Shimizu J, Kaito N, Akiba Y, Okuda Y, Tashibu K, Abe T, Ushigome S
Department of Neurosurgery, Jikei University School of Medicine.
No Shinkei Geka. 1997 Jun;25(6):555-9.
A 30-year-old male had been suffering from left temporalgia of six months duration and then developed left hearing disturbance. Craniogram and bone window CT revealed a well defined osteolytic lesion in the left temporal bone. CT scan showed an expansile heterogenous mass with calcification. Both T1 and T2 weighted MRI demonstrated a well lobulated mixed intensity mass, but no evidence of dural or intracranial invasion. The tumor exhibited homogenous enhancement on CT and MRI. Angiogram revealed a well marked staining supplied by the left middle meningeal and deep temporal arteries. Subtotal removal of the tumor was carried out with cranioplasty. Histologically, this tumor was composed of round or polygonal chondroblasts, scattered osteoclast-like giant cells with a foci of cartilage in the stroma. Many reports describe giant cell tumor can be differentiated by immunohistochemical demonstration of S100 protein. Although in our case, histological findings simulated those of eosinophilic granuloma, it was diagnosed as chondroblastoma because of the foci of cartilage in the stroma. Because this tumor is usually benign, recurrence of the tumor is rare after surgical resection. Post-operative irradiation has been reported to be effective in decreasing the recurrence of the tumor. But it should be carefully observed because of possible sarcomatous change in such tumors.

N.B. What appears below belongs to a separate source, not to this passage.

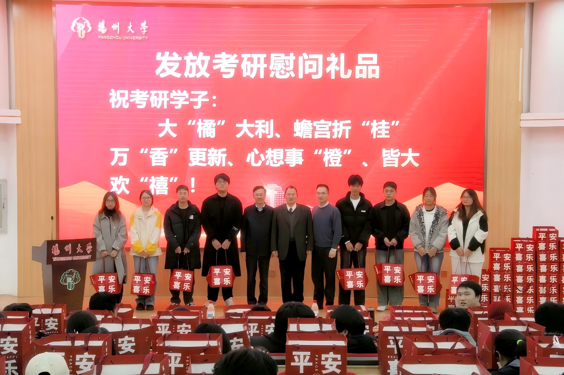 随后,全体考研学子进行考研誓师宣誓。宣誓结束后,院关工委名誉主任施林峰老师、院关工委主任崔益军老师、院关工委常务副主任黄祖六老师及辅导员老师为全院考研学子赠送考研慰问礼品。

一名30岁男性,左侧颞部疼痛6个月,随后出现左耳听力障碍。头颅平片和骨窗CT显示左侧颞骨有一个边界清晰的溶骨性病变。CT扫描显示一个有钙化的膨胀性不均匀肿块。T1加权和T2加权MRI均显示一个边界清晰的分叶状混合密度肿块,但无硬脑膜或颅内侵犯的证据。肿瘤在CT和MRI上均表现为均匀强化。血管造影显示由左侧脑膜中动脉和颞深动脉供血的明显染色。行肿瘤次全切除并颅骨成形术。组织学上,该肿瘤由圆形或多边形软骨母细胞、散在的破骨细胞样巨细胞组成,基质中有软骨灶。许多报道描述巨细胞瘤可通过免疫组化显示S100蛋白来鉴别。虽然在我们的病例中,组织学表现类似嗜酸性肉芽肿,但由于基质中有软骨灶,故诊断为软骨母细胞瘤。因为这种肿瘤通常是良性的,手术切除后肿瘤复发罕见。据报道,术后放疗对降低肿瘤复发有效。但由于此类肿瘤可能发生肉瘤样变,应仔细观察。